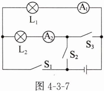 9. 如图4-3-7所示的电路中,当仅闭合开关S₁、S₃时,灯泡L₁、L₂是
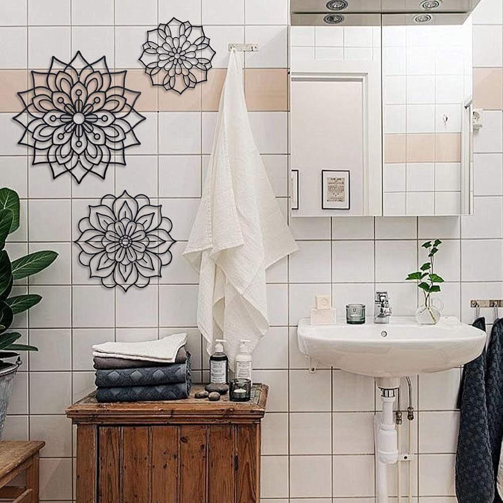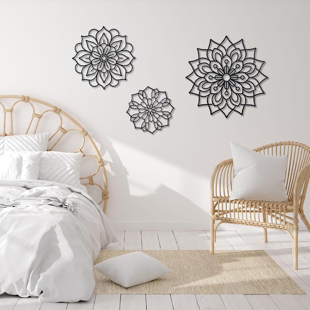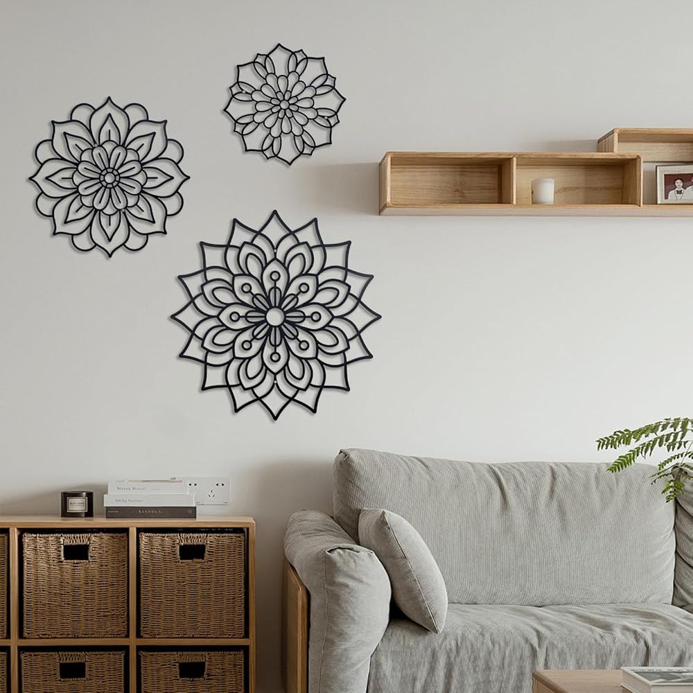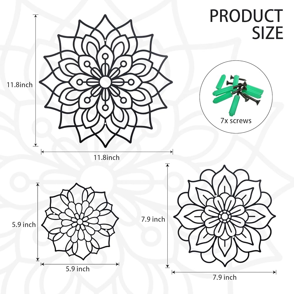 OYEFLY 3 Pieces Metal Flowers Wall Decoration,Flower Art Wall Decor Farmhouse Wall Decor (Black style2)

------------------------

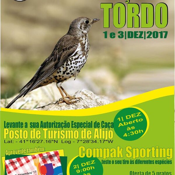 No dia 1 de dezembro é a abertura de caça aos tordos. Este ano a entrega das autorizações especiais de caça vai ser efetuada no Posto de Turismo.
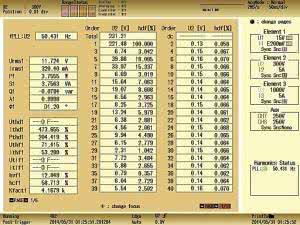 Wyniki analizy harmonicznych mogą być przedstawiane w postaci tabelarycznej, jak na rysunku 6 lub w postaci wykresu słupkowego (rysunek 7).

------------------------

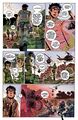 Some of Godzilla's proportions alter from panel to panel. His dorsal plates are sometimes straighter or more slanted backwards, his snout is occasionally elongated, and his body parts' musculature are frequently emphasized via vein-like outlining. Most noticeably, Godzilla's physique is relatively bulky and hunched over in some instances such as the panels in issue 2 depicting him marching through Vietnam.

------------------------

**DIRECTIONS:** Copy the listing above exactly, but only from the line with "9. 如图4-3-7所示的电路中,当仅闭合开关S₁、S₃时,灯泡L₁、L₂是" through the line with "OYEFLY 3 Pieces", including those two lines and excluding any picture.

**SOLUTION FOR THIS TASK:**
 9. 如图4-3-7所示的电路中,当仅闭合开关S₁、S₃时,灯泡L₁、L₂是
 OYEFLY 3 Pieces Metal Flowers Wall Decoration,Flower Art Wall Decor Farmhouse Wall Decor (Black style2)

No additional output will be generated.